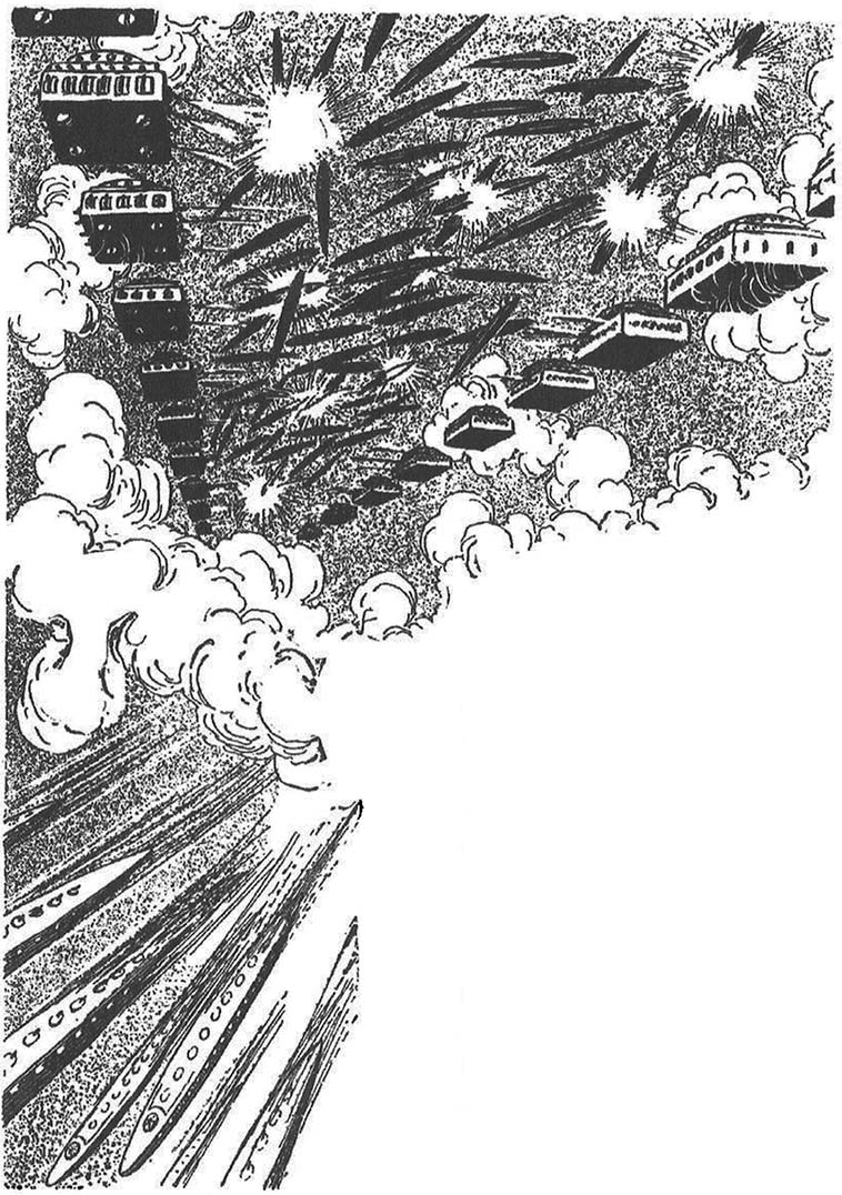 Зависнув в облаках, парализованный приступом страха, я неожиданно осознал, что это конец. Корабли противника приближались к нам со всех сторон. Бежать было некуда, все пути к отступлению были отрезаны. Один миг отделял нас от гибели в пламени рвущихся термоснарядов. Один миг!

==

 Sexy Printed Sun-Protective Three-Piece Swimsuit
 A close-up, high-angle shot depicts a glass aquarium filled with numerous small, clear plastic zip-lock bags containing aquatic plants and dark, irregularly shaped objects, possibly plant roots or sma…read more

...

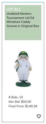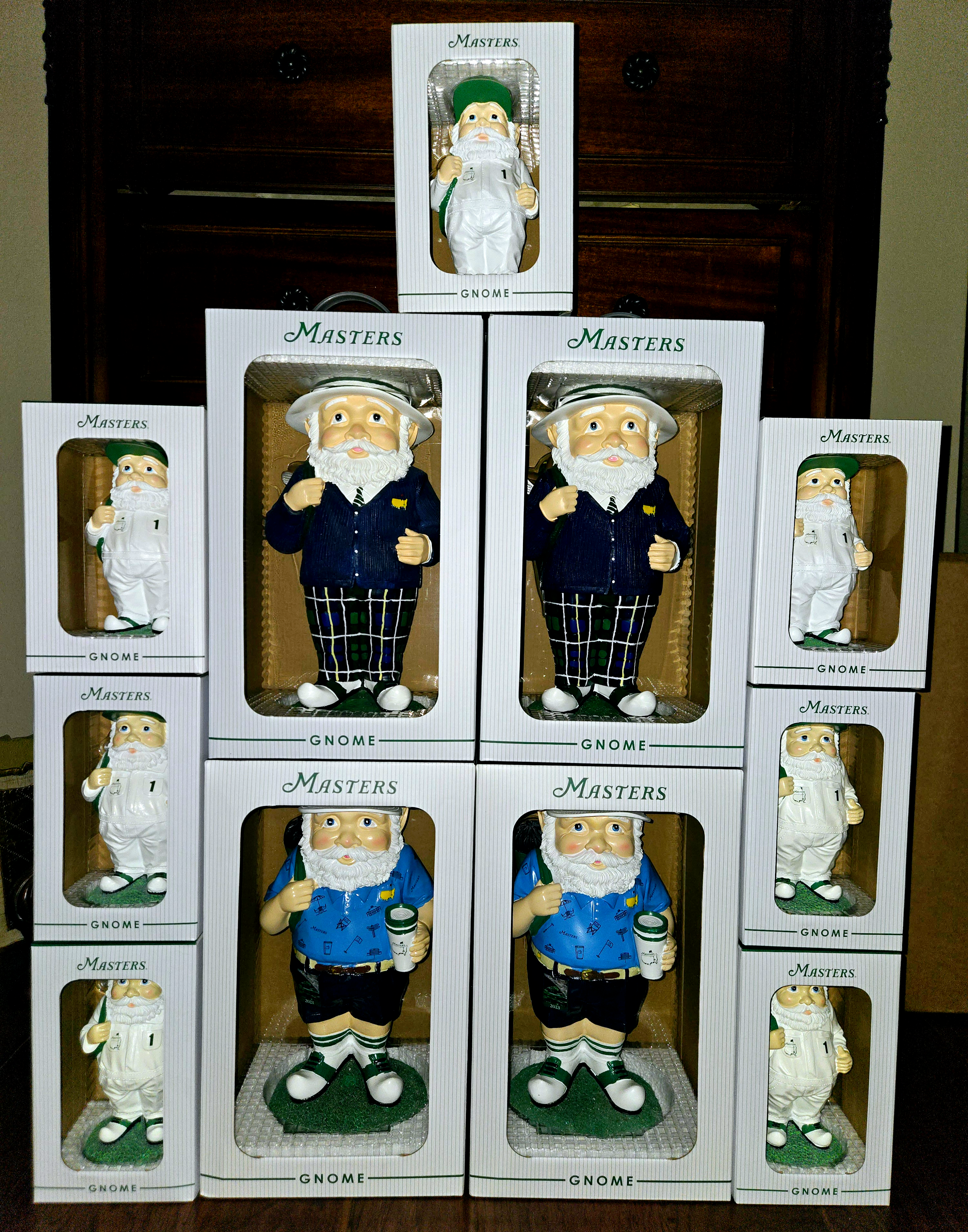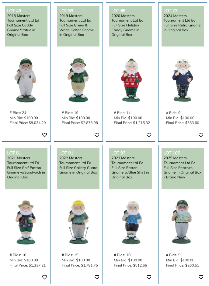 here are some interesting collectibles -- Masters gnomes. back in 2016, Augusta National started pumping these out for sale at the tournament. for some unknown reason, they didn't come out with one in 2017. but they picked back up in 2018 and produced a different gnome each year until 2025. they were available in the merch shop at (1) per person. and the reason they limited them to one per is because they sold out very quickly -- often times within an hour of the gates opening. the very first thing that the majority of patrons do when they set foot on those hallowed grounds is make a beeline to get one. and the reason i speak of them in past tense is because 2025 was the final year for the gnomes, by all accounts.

*Exercise directions*: Looking back over the data above, restate word for word the lines that begin at the line with "Sexy Printed Sun-Protective" and end at the line with "A close-up, high-angle", inclusive.

*Solution*:
 Sexy Printed Sun-Protective Three-Piece Swimsuit
 A close-up, high-angle shot depicts a glass aquarium filled with numerous small, clear plastic zip-lock bags containing aquatic plants and dark, irregularly shaped objects, possibly plant roots or sma…read more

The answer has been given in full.